A robust and improved control scheme of a variable speed multi-rotor wind turbine (MRWT) system with a doubly fed asynchronous generator (DFAG) is displayed in this work. In order to improve the performances and effectiveness of the traditional direct power control (DPC) strategy of the DFAG, a new kind of sliding mode controller (SMC) called modified SMC (MSMC) is proposed. The most important advantage of the DPC-MSMC strategy is to reduce the power ripples and improve the quality of the currents provided to the grid. In addition, to control the rotor inverter, a pulse width modulation (PWM) technique is used. The proposed DPC-MSMC strategy was modeled and simulated using MATLAB/Simulink software. The simulation results showed that the ripples in stator currents, active and reactive powers and torque were considerably reduced for the proposed DPC-MSMC strategy compared to the traditional DPC. Additionally, the proposed DPC-MSMC method works excellently to reduce the total harmonic distortion (THD) of the stator current in the case of variable wind speed.
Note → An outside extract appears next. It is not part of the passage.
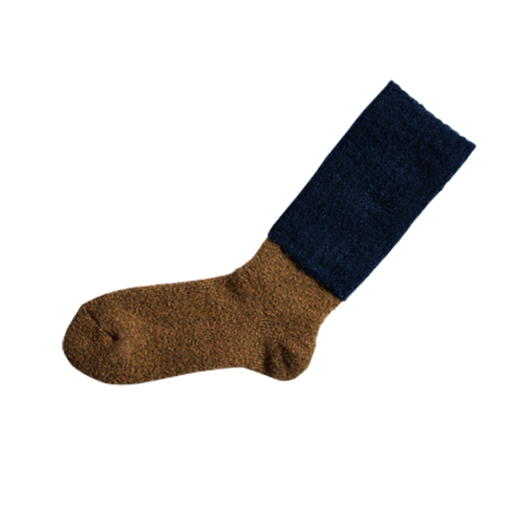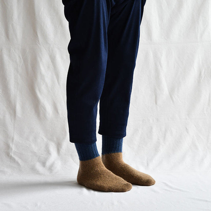 These socks are made from soft kid mohair and wool-spinning yarn that is less than one year old. The features of mohair are soft and highly warm, and by blending with wool, it is finished in thin but warm socks. Pile the part of the foot, ankle has become a leg warmer that was double woven.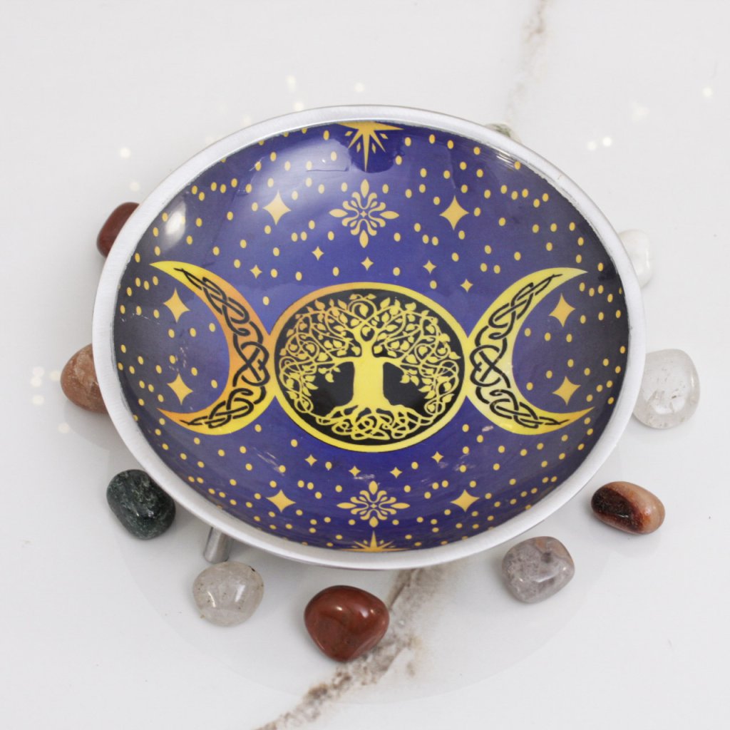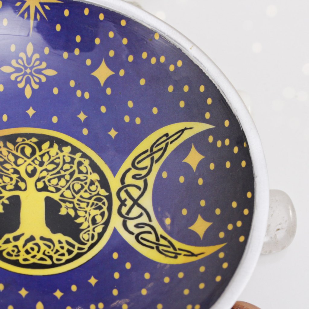 Talíř stojí na třech stabilních nožkách, díky nimž je pevný a bezpečný pro umístění svíček, krystalů, bylin nebo jiných rituálních předmětů. Kombinace kovového těla a magického designu přináší dokonalou rovnováhu mezi estetikou a funkčností. Je vhodný pro práci s cykly Měsíce, ženskými kruhy, ale i individuální rituály a meditace.

On the other hand, a robustness test against parametric variations showed and confirmed the robustness of the proposed technique compared to the classical method.

Suggested Citation

  • Habib Benbouhenni & Zinelaabidine Boudjema & Nicu Bizon & Phatiphat Thounthong & Noureddine Takorabet, 2022. "Direct Power Control Based on Modified Sliding Mode Controller for a Variable-Speed Multi-Rotor Wind Turbine System Using PWM Strategy," Energies, MDPI, vol. 15(10), pages 1-25, May.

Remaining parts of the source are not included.